Try it> Exactly as they appear below, repeat the lines from the one with "耳边的破风声里,藏着铅球运动" through the one with "Fotó: Wikimedia Commons". Drop every picture.

Information shown>
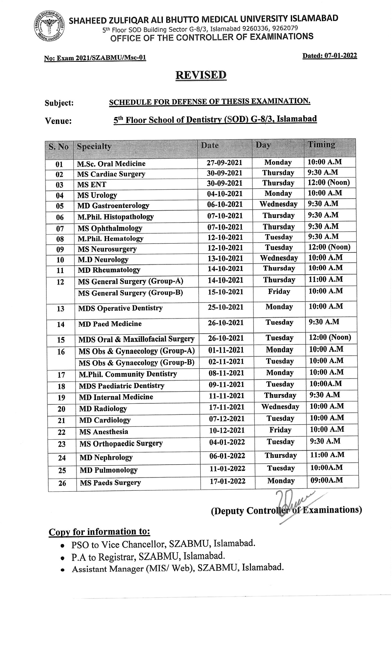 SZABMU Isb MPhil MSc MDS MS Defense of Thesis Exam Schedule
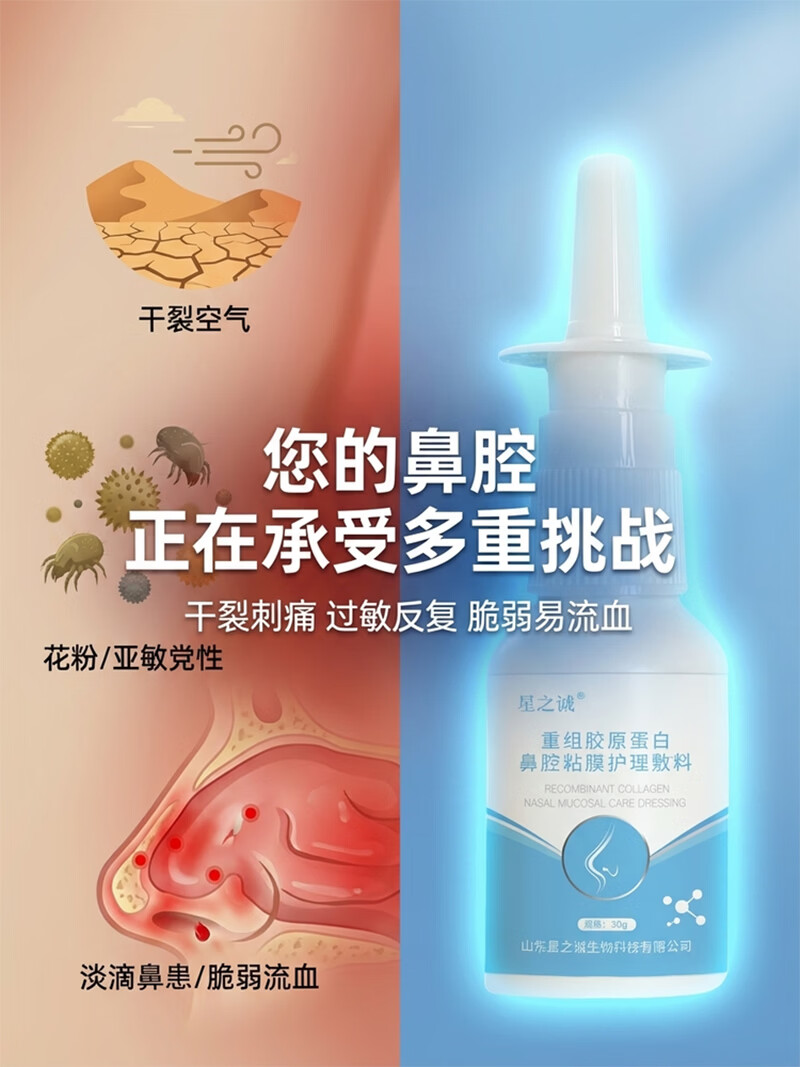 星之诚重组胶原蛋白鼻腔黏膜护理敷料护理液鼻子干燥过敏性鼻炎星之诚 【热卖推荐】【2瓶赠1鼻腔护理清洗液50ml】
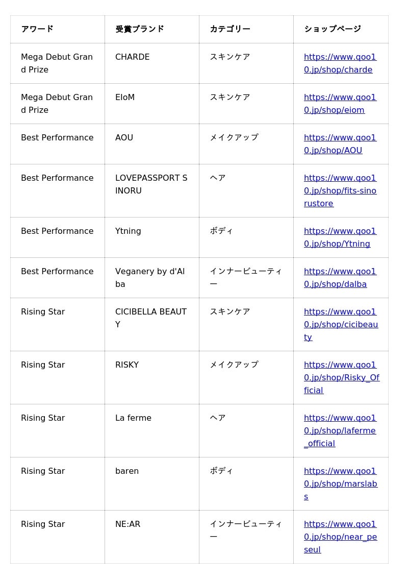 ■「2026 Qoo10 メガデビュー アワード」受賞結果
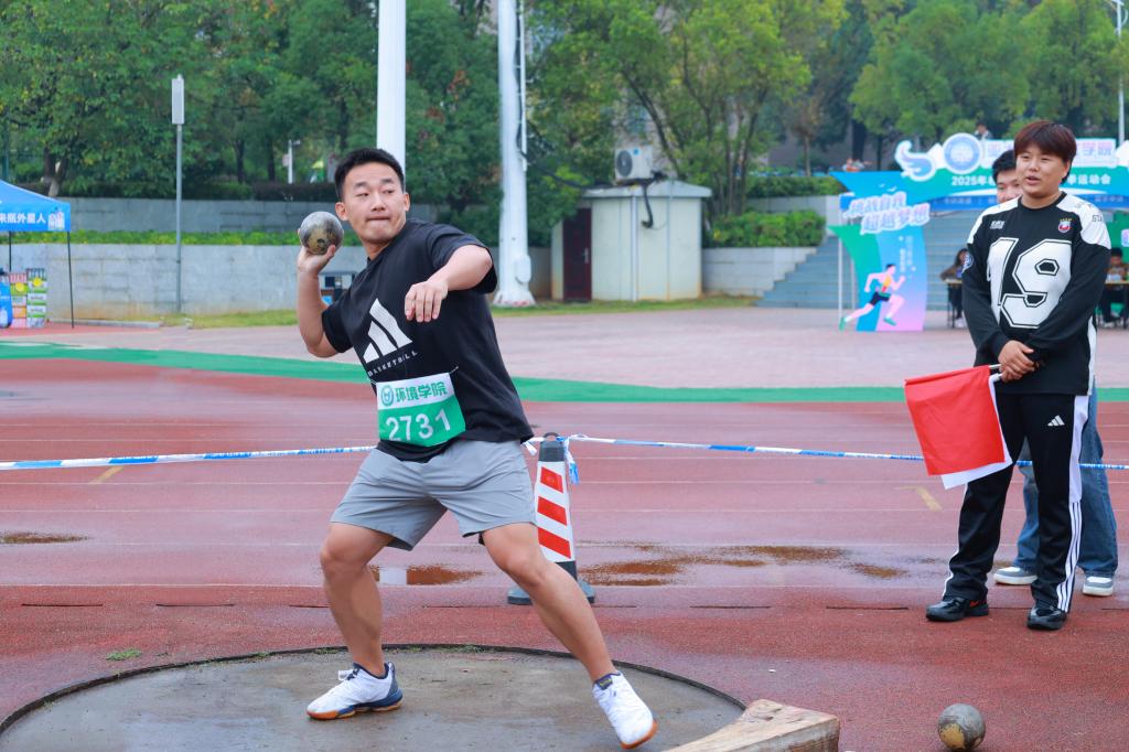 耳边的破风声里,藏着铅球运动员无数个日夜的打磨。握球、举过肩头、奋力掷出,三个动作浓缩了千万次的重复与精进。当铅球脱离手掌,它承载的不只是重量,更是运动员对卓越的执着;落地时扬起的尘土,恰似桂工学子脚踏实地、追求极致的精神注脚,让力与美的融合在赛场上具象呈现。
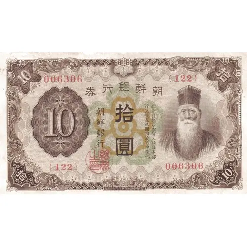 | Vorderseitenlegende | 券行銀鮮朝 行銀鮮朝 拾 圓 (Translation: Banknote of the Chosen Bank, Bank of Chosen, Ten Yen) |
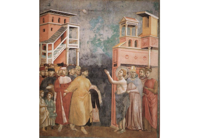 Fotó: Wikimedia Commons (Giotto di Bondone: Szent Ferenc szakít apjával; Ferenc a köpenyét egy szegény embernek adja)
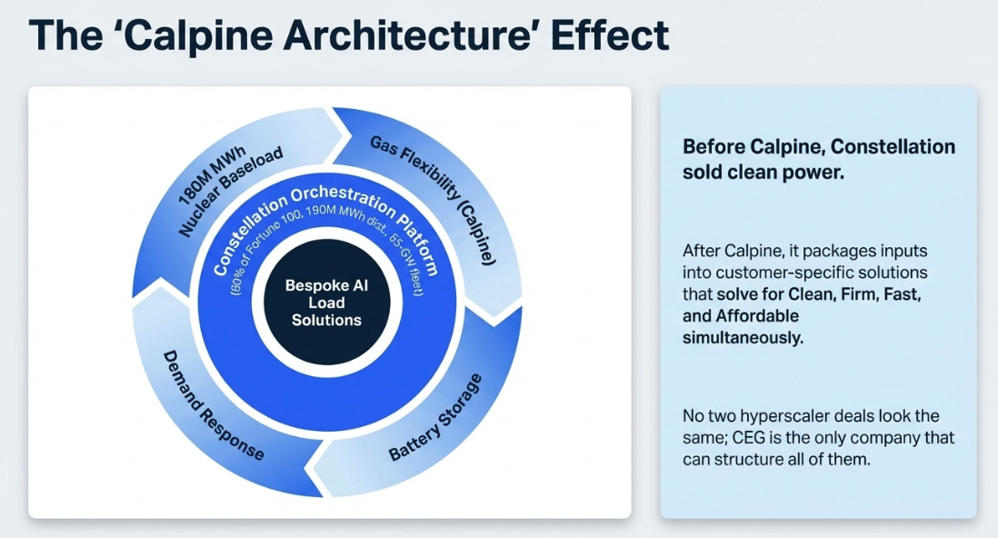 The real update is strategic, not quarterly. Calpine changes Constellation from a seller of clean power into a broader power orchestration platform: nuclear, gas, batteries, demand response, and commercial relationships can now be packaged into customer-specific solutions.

Result of this exercise>
 耳边的破风声里,藏着铅球运动员无数个日夜的打磨。握球、举过肩头、奋力掷出,三个动作浓缩了千万次的重复与精进。当铅球脱离手掌,它承载的不只是重量,更是运动员对卓越的执着;落地时扬起的尘土,恰似桂工学子脚踏实地、追求极致的精神注脚,让力与美的融合在赛场上具象呈现。
 | Vorderseitenlegende | 券行銀鮮朝 行銀鮮朝 拾 圓 (Translation: Banknote of the Chosen Bank, Bank of Chosen, Ten Yen) |
 Fotó: Wikimedia Commons (Giotto di Bondone: Szent Ferenc szakít apjával; Ferenc a köpenyét egy szegény embernek adja)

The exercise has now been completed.